We will always need a `THREE.Renderer`

object. This object
has a method, called `render()`

, that takes a scene and a camera
and renders the scene using the camera. Any time you adjust your scene or
your camera, you'll want to re-invoke this function. If you have globals
holding your camera and your scene, you might just define a simpler
wrapper function to do the rendering:

function render() { renderer.render( scene, camera ); }

Creating a renderer object causes an HTML `canvas`

object to
be created with a default size of 300 x 150, which is quite
small. However, the canvas is *not* added to the document; you
need to do this yourself, or get TW to do this for you.

First, because the default canvas is so small, we'll use CSS to set up
a policy for the size of the canvas. Here, I'll use 800 x 500, and so I'll
use 800/500 for the aspect ratio of my camera (the top of the
frustum). You can also consider using a canvas of size 100% x 100%,
covering the whole browser. If you do that,
use `canvasElt.clientWidth/canvasElt.clientHeight`

as the
camera's aspect ratio, where `canvasElt`

is a variable defined
below.

canvas { display: block; width: 800px; height: 500px; margin: 10px auto; }

### Without TW

Let's put all these ideas together, without using TW. Next, we'll see how TW simplifies this a little. Here's the JavaScript:

var scene = new THREE.Scene(); var renderer = new THREE.WebGLRenderer(); var canvasElt = renderer.domElement; document.body.appendChild(canvasElt); renderer.setSize(canvasElt.clientWidth,canvasElt.clientHeight); renderer.setClearColor( 0xdddddd, 1);

You can see the whole code in action in Simple Camera Without TW

### Using TW

TW's `mainInit()`

function takes a renderer and a scene as its
arguments, extracts the HTML canvas element from the renderer, and adds it
to the document. It also sets its size and clears it to light gray.

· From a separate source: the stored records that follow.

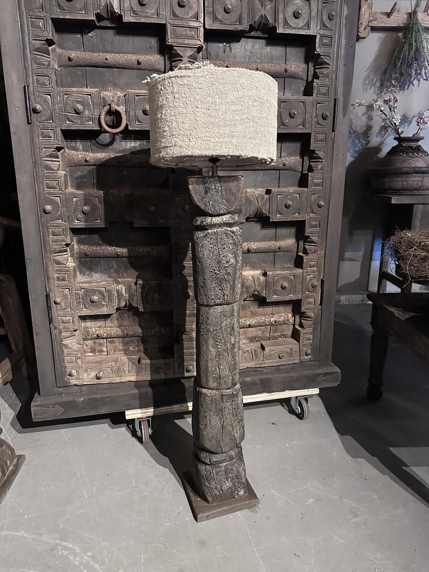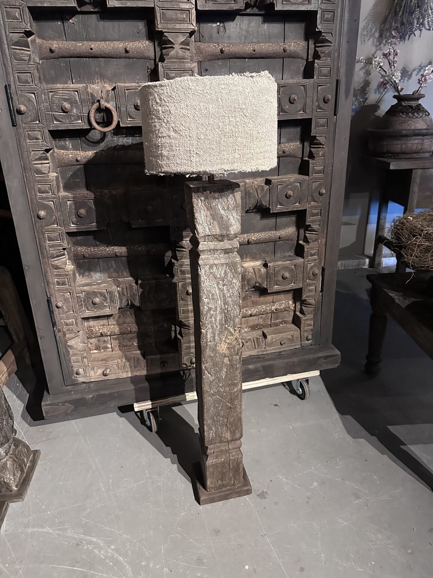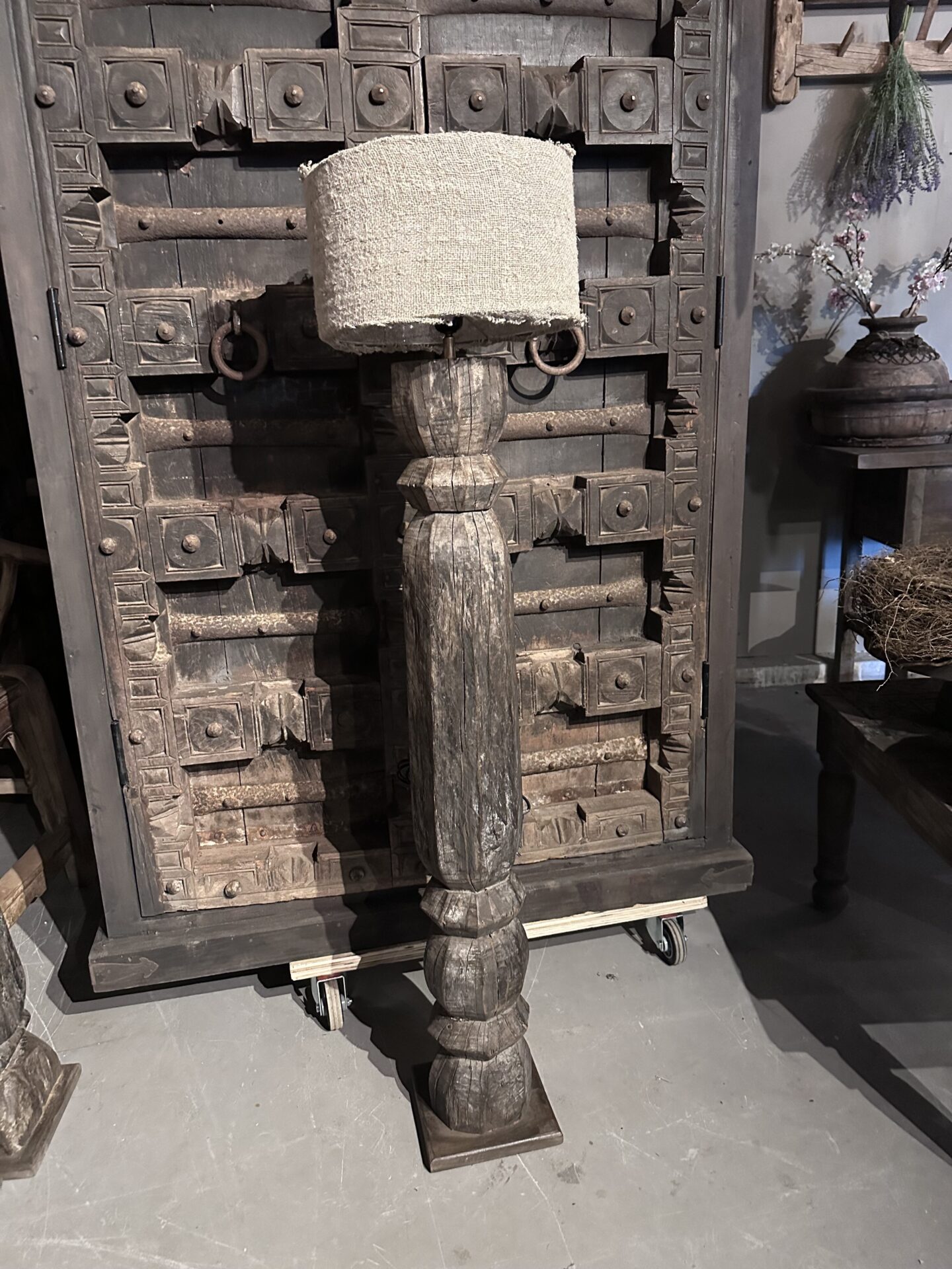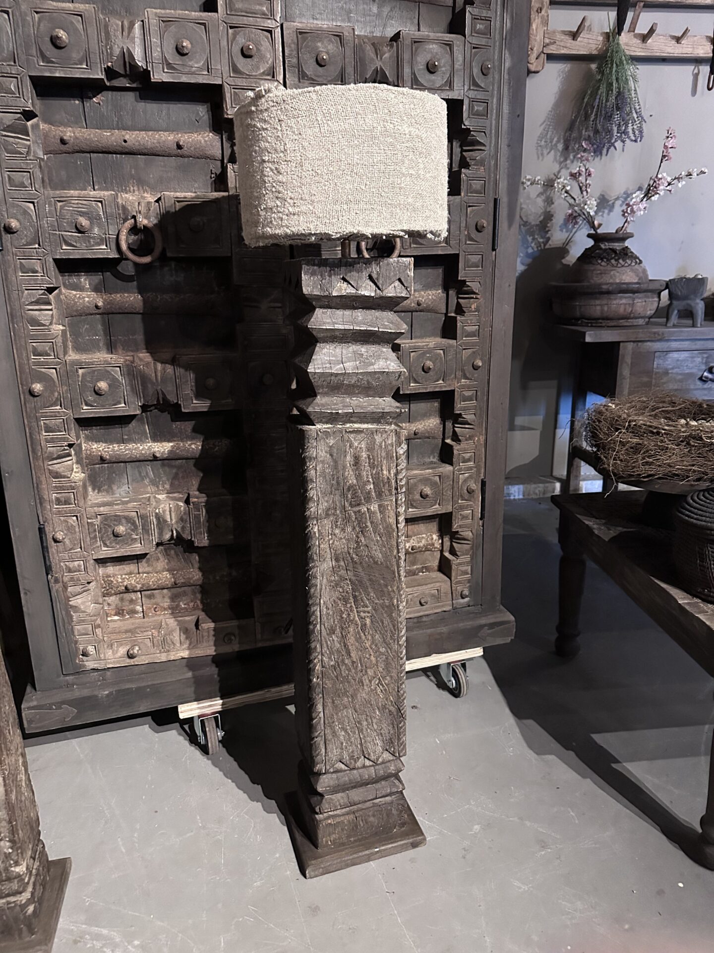 Exclusieve Vloerlamp: Authentieke Oude Pilaar uit India
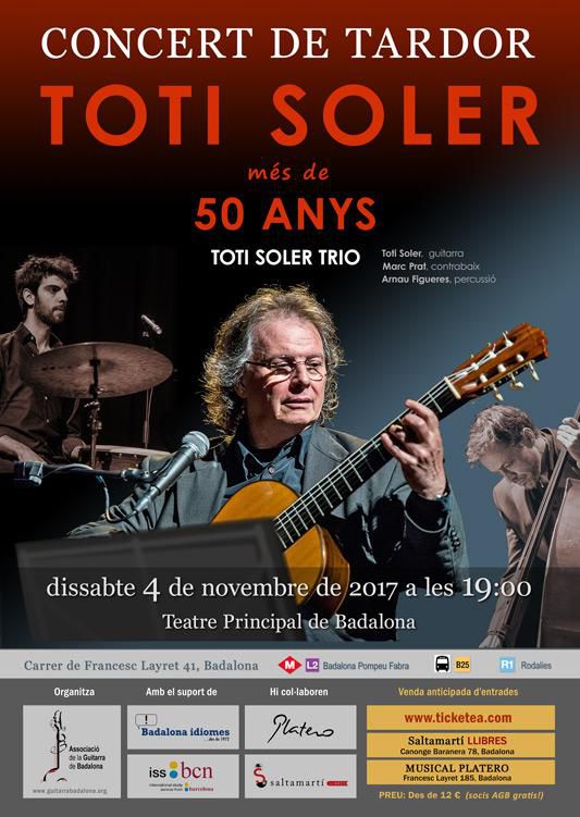En aquest concert Toti Soler ens proposa un recorregut captivador pel seu univers exquisit, a través dels millors temes que ha escrit durant els més de cinquanta anys dedicats a la creació musical, sempre amb la seva forma personal, sensible i profunda de compondre i d'interpretar.
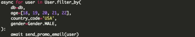你也会找到很多你期望在传统的ORM中有的功能。下面是如何向一个满足属性:{US, college-age, male}的用户发一个推送的过程:
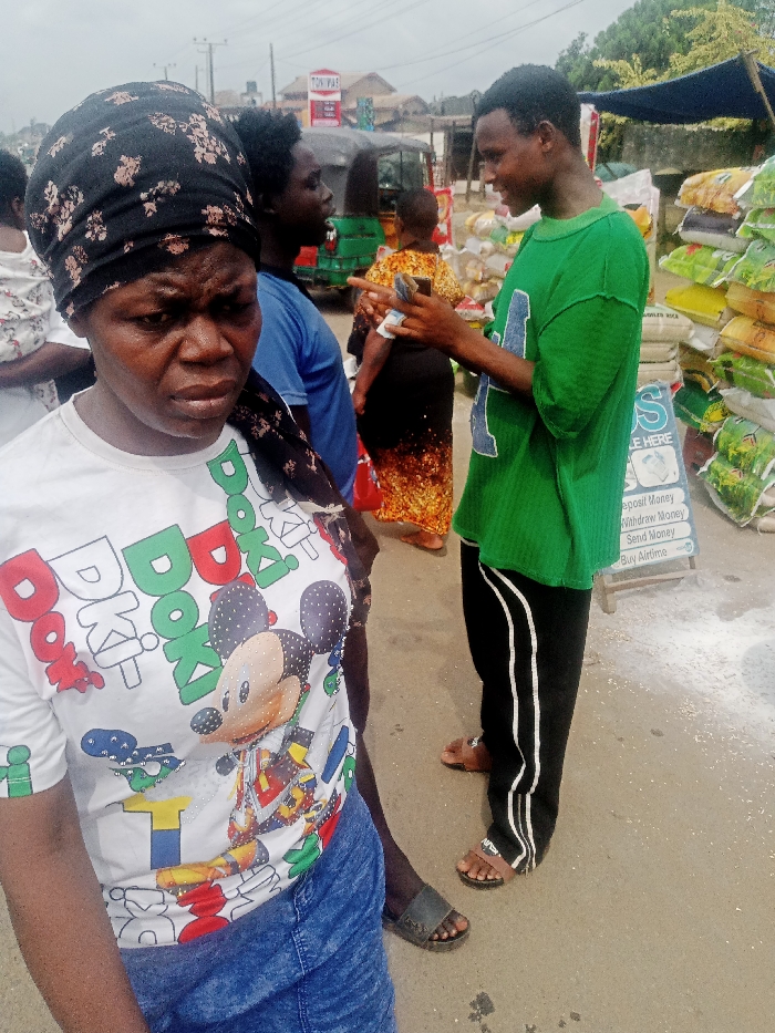 A daytime scene captures an outdoor commercial area in Ura Nta Umuarandu, Nigeria, under an overcast sky
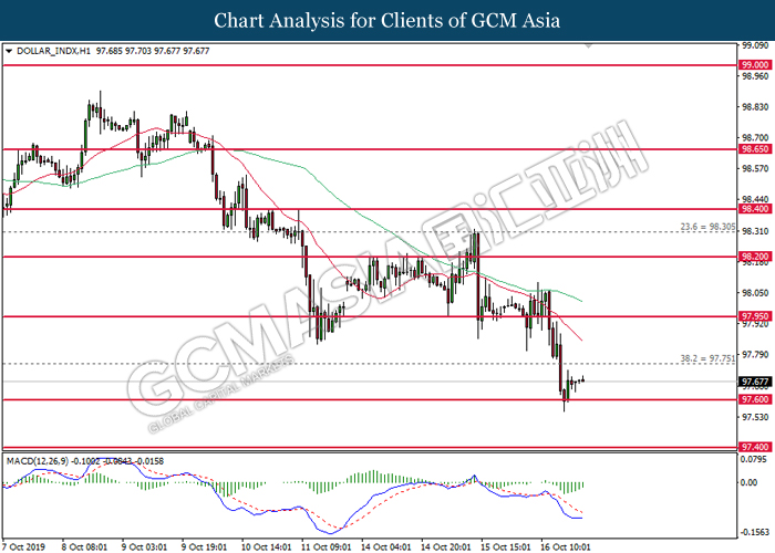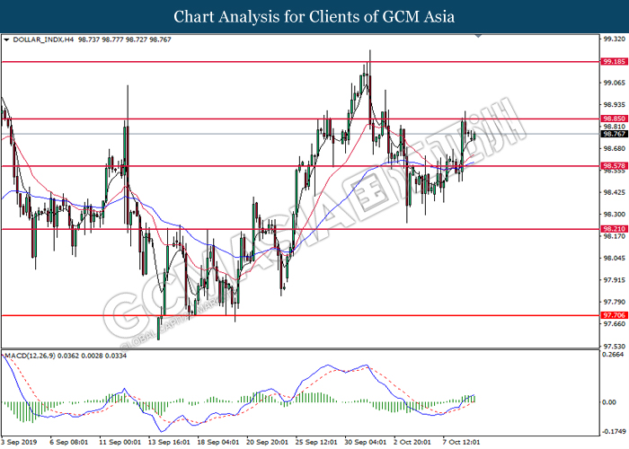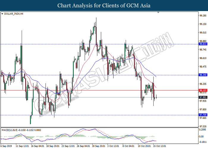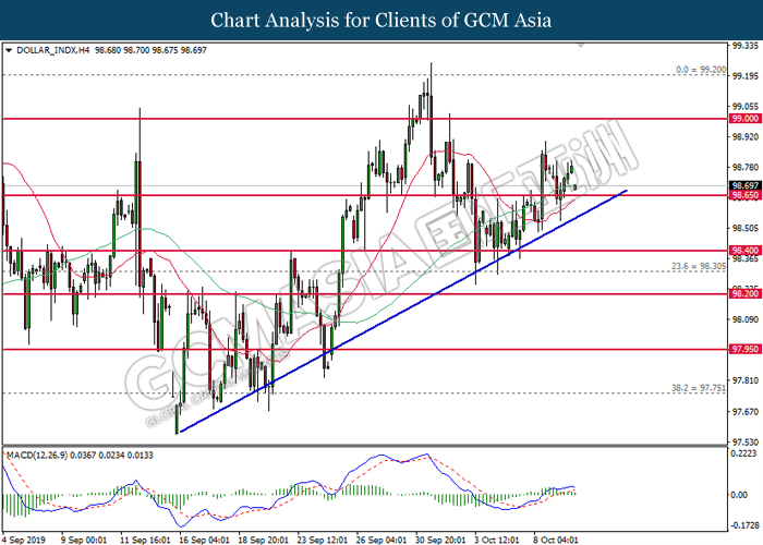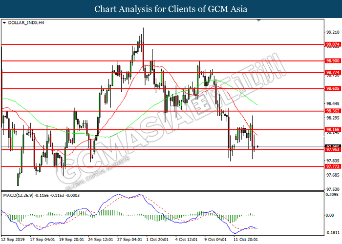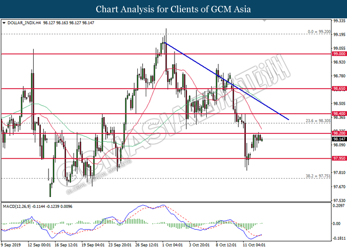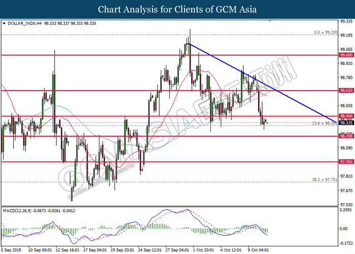 DOLLAR_INDX, H4: Dollar index was traded lower following prior retracement from the resistance level at 98.75. MACD which illustrated diminishing bullish momentum suggest the pair to extend its losses toward support level at 98.60.
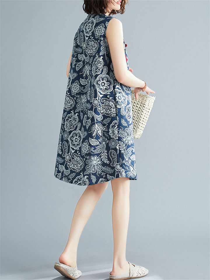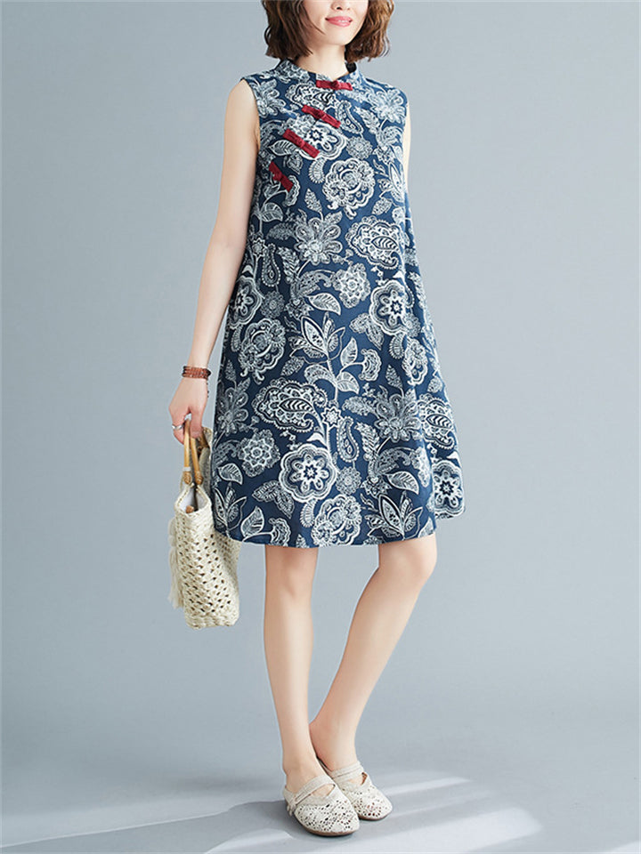 Female Flower Printed Retro Loose Cheongsam Dress
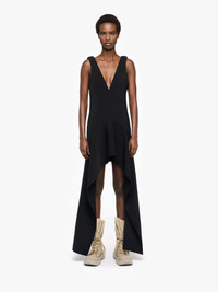 - V-neckline mini dress complete with curve draped hemline - Side zip closure - Fully lined - Fitted silhouette, take your usual size Additional Information - Colour: Black - Composition: 52% Polyester, 43% Wool, 5% Elastane - Light-weight textured fabrication - Made in: Bulgaria - SKU: DR0478PG1580999
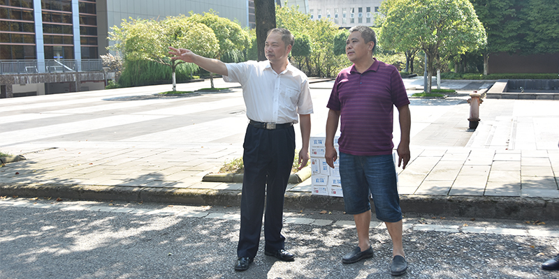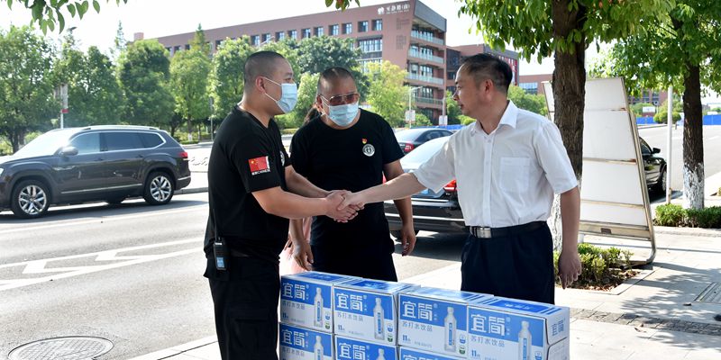 在学校南门,黄书记与安全管理处的职工亲切握手寒暄,为他们送上矿泉水消暑。黄书记指出,校门是学校疫情防控的第一个“关口”,全体安保人员要将责任记在心里、扛在肩上,做好对进出校园的人员、车辆的检查登记,严格落实各级防疫要求,为校园构筑一道安全的防疫屏障。

Here is the JavaScript code:

var scene = new THREE.Scene(); var renderer = new THREE.WebGLRenderer(); TW.mainInit(renderer,scene);

You can see the whole code in action in Simple Camera With TW

## Other Terminology

The following terms are commonly used for different kinds of motions for cameras and such.

- pan: rotating a fixed camera around a vertical axis
- tilt: rotating a fixed camera around a horizontal axis
- zoom: adjusting the lens to zoom in or out (this adjusts the frustum)
- roll: rotating a camera or a ship around a longitudinal axis
- pitch: same as tilt, but for ships and airplanes
- yaw: same as pan, but for ships and airplanes
- strafe: moving a camera along a horizontal axis; this terminology is used in video games I believe.